Multi-country studies were conducted in nine diagnoses (rotavirus gastroenteritis, pneumonia, bladder cancer, hypoglycaemia, Duchenne muscular dystrophy, epidermolysis bullosa, Prader–Willi syndrome, cystic fibrosis, and haemophilia). One multi-country study (bladder cancer) was conducted in nine countries and another (hypoglycaemia) in six countries. Two studies were conducted (rotavirus gastroenteritis and pneumonia) in four countries and four studies (Duchenne muscular dystrophy, epidermolysis bullosa, Prader–Willi, and haemophilia) in two countries. The bladder cancer study involving nine countries resulted in mean total costs of €7421; however, costs differed significantly among countries, as the total cost was between €2320 (Bulgaria) and €16,479 (Slovenia). The direct medical cost ranged between €1090 (Bulgaria) and €8050 (Slovenia), and indirect cost varied between €912 (Bulgaria) and €6398 (Slovenia). The hypoglycaemia study was conducted in six countries, and the total overall societal cost per patient with diabetes was €11 and ranged between €5 (Bulgaria) and €18 (Slovenia) [27]. Rotavirus gastroenteritis and pneumonia studies were conducted in four countries and the average total costs were €541 and €764, respectively. Costs varied between €494 (Czech Republic) and €747 (Poland) in rotavirus gastroenteritis, and between €472 and €1111 in pneumonia. Duchenne muscular dystrophy, epidermolysis bullosa, Prader–Willi syndrome, cystic fibrosis, and haemophilia were studied in two countries (Hungary and Bulgaria) applying the same methodology in a European Commission founded rare disease study (BURQOL-RD project). Prader–Willi syndrome was the least costly (Bulgaria: €3842 Hungary: €12,532) and mucopolysaccharidosis was the most costly rare disease (Bulgaria: €77,414; Hungary: €25,326) [28, 29].

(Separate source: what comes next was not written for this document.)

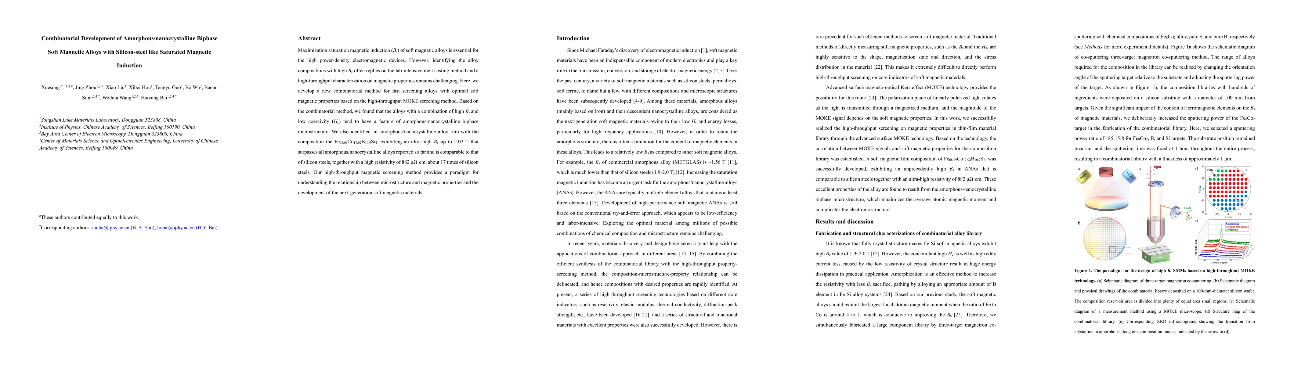 Maximization saturation magnetic induction (Bs) of soft magnetic alloys is essential for the high power-density electromagnetic devices. However, identifying the alloy compositions with high Bs often replies on the lab-intensive melt casting method and a high-throughput characterization on magnetic properties remains challenging. Here, we develop a new combinatorial method for fast screening alloys with optimal soft magnetic properties based on the high-throughput MOKE screening method. Based on the combinatorial method, we found that the alloys with a combination of high Bs and low coercivity (Hc) tend to have a feature of amorphous-nanocrystalline biphase microstructure. We also identified an amorphous/nanocrystalline alloy film with the composition the Fe68.09Co17.02B10.9Si4, exhibiting an ultra-high Bs up to 2.02 T that surpasses all amorphous/nanocrystalline alloys reported so far and is comparable to that of silicon steels, together with a high resistivity of 882 {\mu}{\Omega} {\dot} cm, about 17 times of silicon steels. Our high-throughput magnetic screening method provides a paradigm for understanding the relationship between microstructure and magnetic properties and the development of the next-generation soft magnetic materials.

Unique studies in more than one country were conducted in eight diagnoses, namely multiple sclerosis, dementia, Parkinson’s disease, rheumatoid arthritis, osteoporosis, chronic obstructive pulmonary disease (COPD), systemic sclerosis, and diabetes. Multiple sclerosis and diabetes were studied most often (four studies each), while three unique studies in three different countries were conducted in Parkinson’s disease and two unique studies in three different countries were conducted in cystic fibrosis. Two unique studies on both dementia and COPD were conducted in two different countries. In multiple sclerosis, there was a 4.1 times difference in total costs between Austria (€50,599) and Poland (€12,343) [24, 30]. In diabetes, the highest direct cost was observed in Hungary (€1309) and the lowest total cost was observed in Bulgaria (€472) [31, 32]. In Parkinson’s disease, there was a 3.3 times difference in total costs between Austria (€22,984) and the Czech Republic (€6970) [33, 34]. In dementia, we found a 3.5 times difference in total costs between the Czech Republic (€2013) and Hungary (€671) [35, 36]. The costs of COPD were similar in Bulgaria (€1839) and Romania (€2103) [21, 37].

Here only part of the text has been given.